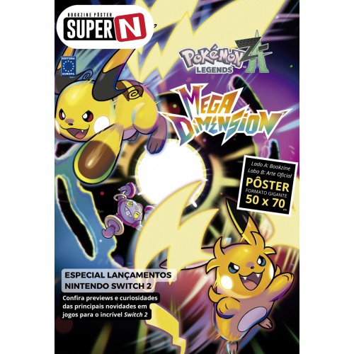 Edição especial da SuperN no formato bookzine poster. No lado livro curiosidade e informações sobre os novos jogos que estão chegando para o Nintendo Switch 2. Do outro um poster com arte oficial de divilugação de um jogo famoso. Nesta edição o poster em formato 50x70cm traz Pokémon Legends Z-A: Mega Dimensions!
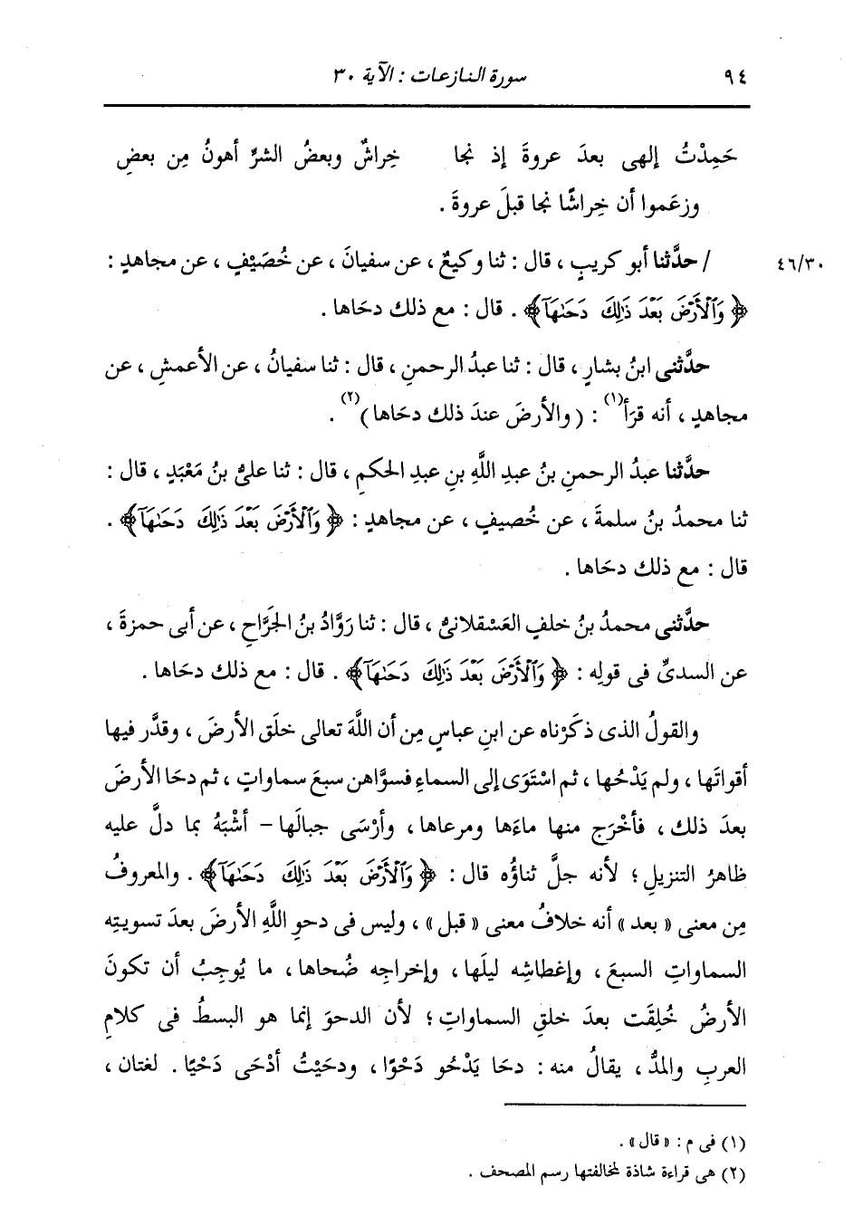 حَدَّثَنِي مُحَمَّدُ بْنُ خَلَفٍ الْعَسْقَلَانِيُّ، قَالَ: ثنا رَوَّادُ بْنُ الْجَرَّاحِ، عَنْ أَبِي حَمْزَةَ، عَنِ السُّدِّيِّ، فِي قَوْلِهِ: {§وَالْأَرْضَ بَعْدَ ذَلِكَ دَحَاهَا} [النازعات: 30] قَالَ: مَعَ ذَلِكَ دَحَاهَا وَالْقَوْلُ الَّذِي ذَكَرْنَاهُ عَنِ ابْنِ عَبَّاسٍ مِنْ أَنَّ اللَّهَ تَعَالَى خَلَقَ الْأَرْضَ، وَقَدَّرَ فِيهَا أَقْوَاتَهَا، وَلَمْ يَدْحُهَا، ثُمَّ اسْتَوَى إِلَى السَّمَاءِ فَسَوَّاهُنَّ سَبْعَ سَمَوَاتٍ، ثُمَّ دَحَا الْأَرْضَ بَعْدَ ذَلِكَ، فَأَخْرَجَ مِنْهَا مَاءَهَا وَمَرْعَاهَا، وَأَرْسَى جِبَالَهَا، أَشْبَهُ لِمَا دَلَّ عَلَيْهِ ظَاهَرُ التَّنْزِيلِ، لِأَنَّهُ جَلَّ ثَنَاؤُهُ قَالَ: {وَالْأَرْضَ بَعْدَ ذَلِكَ دَحَاهَا} [النازعات: 30] وَالْمَعْرُوفُ مِنْ مَعْنَى بَعْدُ أَنَّهُ خِلَافُ مَعْنَى قَبْلُ وَلَيْسَ فِي دَحْوِ اللَّهِ الْأَرْضَ بَعْدَ تَسْوِيَتِهِ السَّمَاوَاتِ السَّبْعَ، وَإِغْطَاشِهِ لَيْلَهَا، وَإِخْرَاجِهِ ضُحَاهَا، مَا يُوجِبُ أَنْ تَكُونَ الْأَرْضُ خُلِقَتْ بَعْدَ خَلْقِ السَّمَاوَاتِ لِأَنَّ الدَّحْوَ إِنَّمَا هُوَ الْبَسْطُ فِي كَلَامِ الْعَرَبِ، وَالْمَدُّ يُقَالُ مِنْهُ: دَحَا يَدْحُو دَحْوًا، وَدَحَيْتُ أُدْحِي دَحْيًا لُغَتَانِ؛
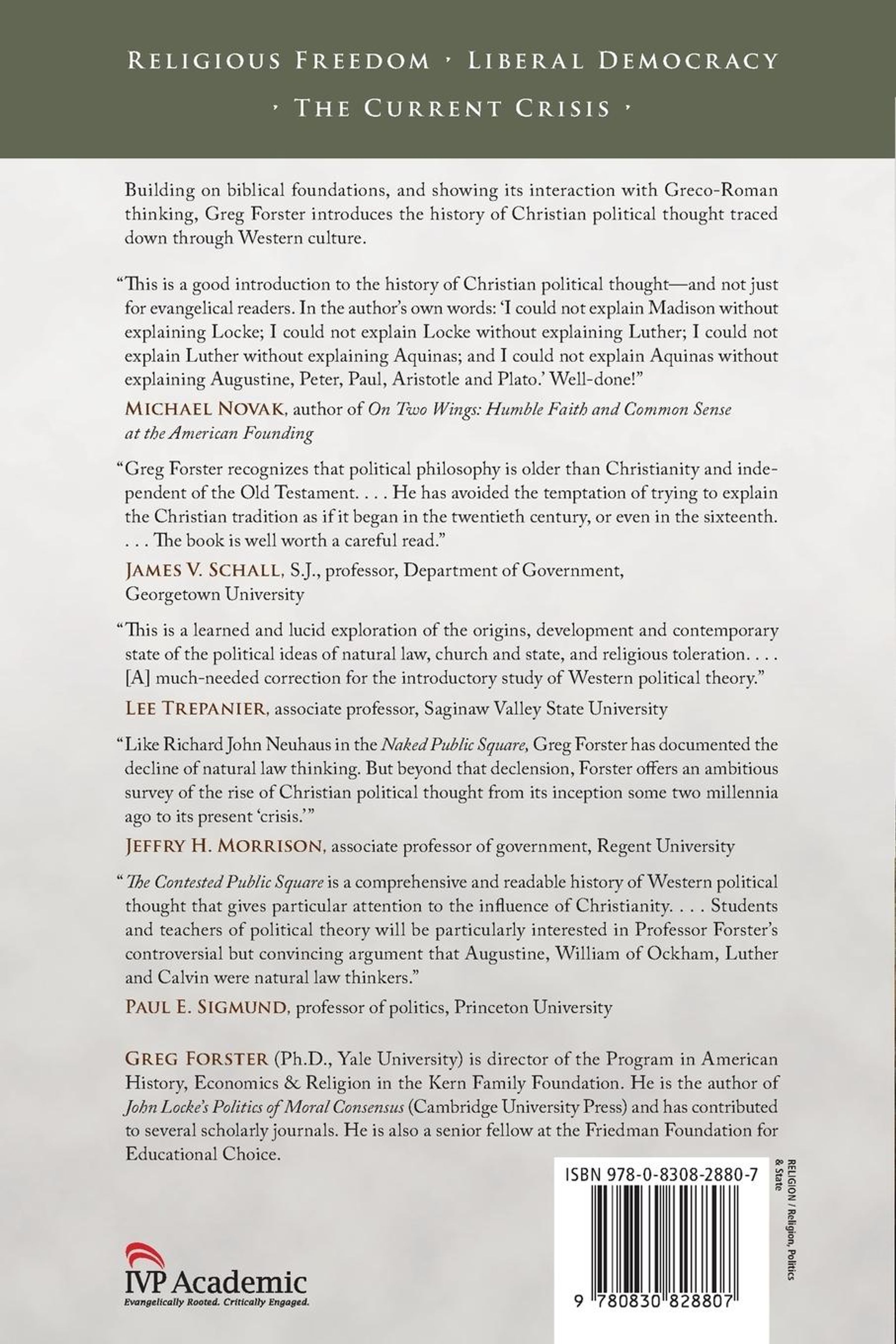 Christian thinking about involvement in human government was not born (or born again!) with the latest elections or with the founding of the Moral Majority in 1979. The history of Christian political thinking goes back to the first decades of the church's existence under persecution. Building on biblical foundations, that thinking has developed over time. This book introduces the history of Christian political thought traced out in Western culture--a culture experiencing the dissolution of a long-fought-for consensus around natural law theory. Understanding our current crisis, where there is little agreement and often opposing views about how to maintain both religious freedom and liberal democracy, requires exploring how we got where we are. Greg Forster tells that backstory with deft discernment and clear insight. He offers this retrospective not only to inform but also to point the way beyond the current impasse in the contested public square. Illuminated by sidebars on key moments in history, major figures and questions for further consideration, this book will significantly inform Christian scholars' and students' reading and interpretation of history.
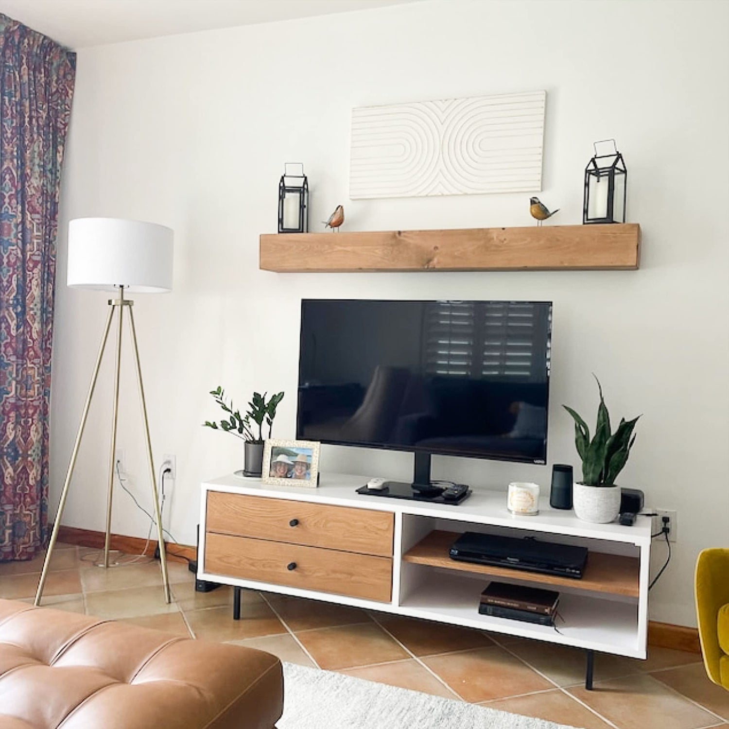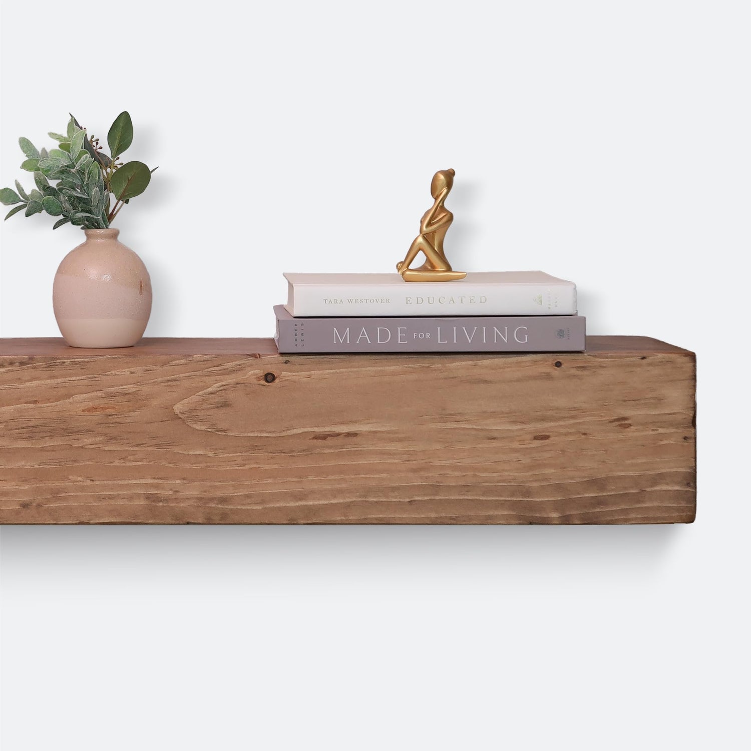 Fireplace Mantel, Rustic, Shelf, Floating Mantle, Real Wood, Beam, URBANDI (Brown, 60Lx6Hx8D)
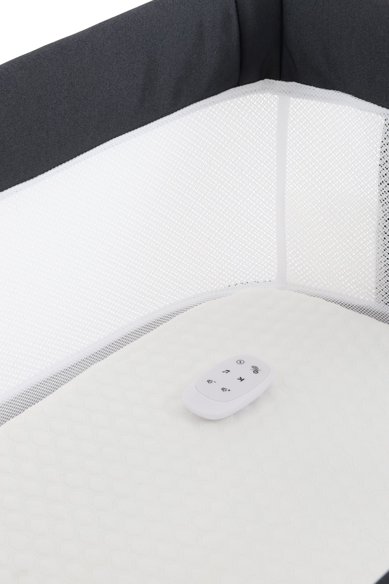 Easily adjust the Wiggle Crib’s functions without disturbing your baby using the convenient remote control. From activating the soothing wiggle motion to selecting sleep sounds and adjusting volume, the remote ensures effortless operation for a stress-free bedtime routine.
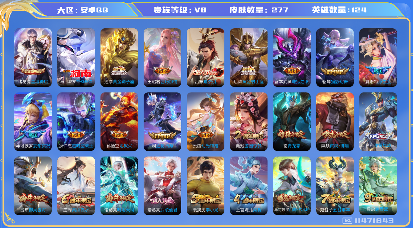 [11471843]V8 1典藏 1珍品传说 18传说 124英雄 277皮肤 可修改实名 荣耀水晶:星域神启(倪克斯贼亮) 珍品传说:怪盗基德 传说皮:吕布曦玄引,幻光神枪,黄金狮子座,黄金射手座,地狱火,地狱之眼,猫影幻舞,乞巧织情,超时空战士-狄仁杰,浮生妄,妄想实况,澜逐花归海 珍宝阁皮:蔷薇恋人,女武神 限定皮:愿照·九州拓(澜年限),愿照·岁时盈(虞姬年限),逐霄战戟,鸣野蒿,武陵仙君(小桃花),时雨天司(水龙头),神威(电光马子),高山流水,五谷丰年,青龙志(铠年限),冰锋战神,游园惊梦,梁祝,御风骁将(吕布年限),李小龙,大圣娶亲,引擎之心,寅虎·御盾(廉颇年限),山海·玄木吟(马可年限) 史诗皮:飞车小橘子,撼地雄心,鸭鸭历险记-刘禅,龙之律动,雪豹·霜爪,百相守梦-百里守约,百相守梦-黄忠,战舞者,决胜骁骑,百相守梦-周瑜,化蝶舞,破空之剑,紫霞仙子,电玩小子(小书包),白龙吟,黄金分割率,特工魅影,江河有灵,百解令(蒙犽),冰冠公主,青蛇,偶像歌手,魅语,龙骑士(小龙虾),末日机甲-吕布,猫狗日记-孙策,猫狗日记-大乔,乱世虎臣,节奏热浪,修罗,女仆咖啡,摇滚巨星,水果甜心,绅士熊喵,天才门将,星夜王子,心灵骇客,功夫厨神,德古拉伯爵,幽灵船长,鬼剑武藏,心灵战警,乐园奇幻夜,天秀·启明,舞动绿茵,地狱岩魂,纤云弄巧,拒霜思,乘风破浪,逐浪之夏,月团寄思,水晶猎龙者,金属风暴,圣诞狂欢,圣诞恋歌,鹰眼统帅,暗夜贵公子,魅力维加斯,赏金猎手,寅虎·御盾,未来纪元-赵云
- - - - - - -
**Task prompt**
Print everything from the line with "Fireplace Mantel, Rustic, Shelf, Floating" down to the line with "Easily adjust the" in the entries above, both lines included and nothing more, without the pictures.

**Exercise result**
 Fireplace Mantel, Rustic, Shelf, Floating Mantle, Real Wood, Beam, URBANDI (Brown, 60Lx6Hx8D)
 Easily adjust the Wiggle Crib’s functions without disturbing your baby using the convenient remote control. From activating the soothing wiggle motion to selecting sleep sounds and adjusting volume, the remote ensures effortless operation for a stress-free bedtime routine.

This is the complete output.